The Freedmen School on McLemore Street, formerly an all-black school, was the chosen site. Mr. and Mrs. Fred and Patricia Selle purchased the building and property for $3,000 from the Maury County School Board. Mrs. Selle said she passed the vacant school, which had not been used in the ten years since public schools had been integrated, going or coming from her house. It had great potential, with lots of parking and plenty of floor space. It consisted of two rooms in a frame building measuring 40 x 120 feet. The Freedmen School was built for freed slaves built just after the Civil War. It closed in 1909 and later served as an all-black school until around 1965 when the Civil Rights Act of 1964 was passed. When the Selles purchased the building, Mrs. Selle said, “It felt that it was very symbolic, as a library is a way of dispensing knowledge, thus freeing men’s minds.”
Mr. Robert Jones, the Selles’ lawyer, researched the title for the Selles and was most generous with his time. He was very interested in libraries and barely made his expenses. Mrs. Selle wanted him to be recognized.
Miss Glenna Patton, of the Blue Grass Regional Library, suggested that Mrs. Selle work with the county library, so she contacted Mr. David Haines, Chairman of the Library Board and Mrs. Hallie Hudson, Head Librarian. They also recommended that Mrs. Selle work with the town council. Mrs. Selle contacted Mayor R. P. (Pete) Boyd, who suggested that she circulate a petition, and bring it, along with interested citizens, to the town meeting on November 11, 1974.
Mrs. Selle and her children spent a Saturday afternoon, November 9, 1974, knocking on doors with the petition, and not a single person turned them down. The following citizens attended the meeting with Mrs. Selle: Mrs. Martha Cheairs, Ms. Martha Lockridge, Mrs. Judith Scoville, Mr. Noel Evans, Miss Mattie Laura Harris and Mr. Joseph Frye.
Mr.

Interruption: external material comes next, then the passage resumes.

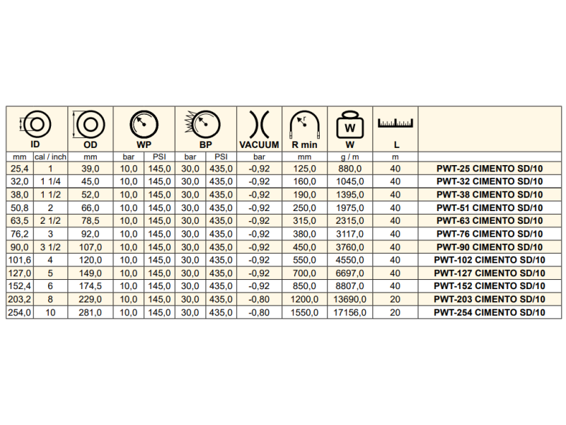 Wąż do materiałów ściernych CIMENTO SD 10 bar, Średnica DN: 25 mm - 1"

Boyd was Mayor when the town of Spring Hill signed a five-year lease, at $30.00 a month, with an option to renew the lease. The rent covered insurance and taxes. The town also advanced the library $2,500 in funds and furnished water and telephone. With these funds and many hours of volunteer labor, renovation and repairs were made. Miss Glenna Patton agreed that the Blue Grass Regional Library would furnish books for the library if a building was obtained. They provided the initial 2,000 books, with the citizens donating another 500. Shelves were provided by the Maury County Library. Furnishings were by donated by the community.
To cover the operating costs, volunteers took pledges of $12.00 per family to establish a trust fund. The method of acquiring donations was to have 10 people ask 25 citizens to donate $12.00 per family. The 10 people were: Miss Mattie Laura Harris, Mrs. Martha Cheairs, Mrs. Jane Simmons, Ms. Martha Lockridge, Mrs. Stan Robinson, Mrs. Frankie Curry, Mrs. Diane Bennett, Mrs. Linda Bland, Mrs. Aliene Bearden, Mrs. T. B. Glenn, Mrs. Thelma Hopkins and Mrs. Patricia Selle. Only the interest could be spent. The library collected $1,220, which was about half of what had been pledged.
These responses represent many such stories, but the underlying theme was a spirit of cooperation from all citizens.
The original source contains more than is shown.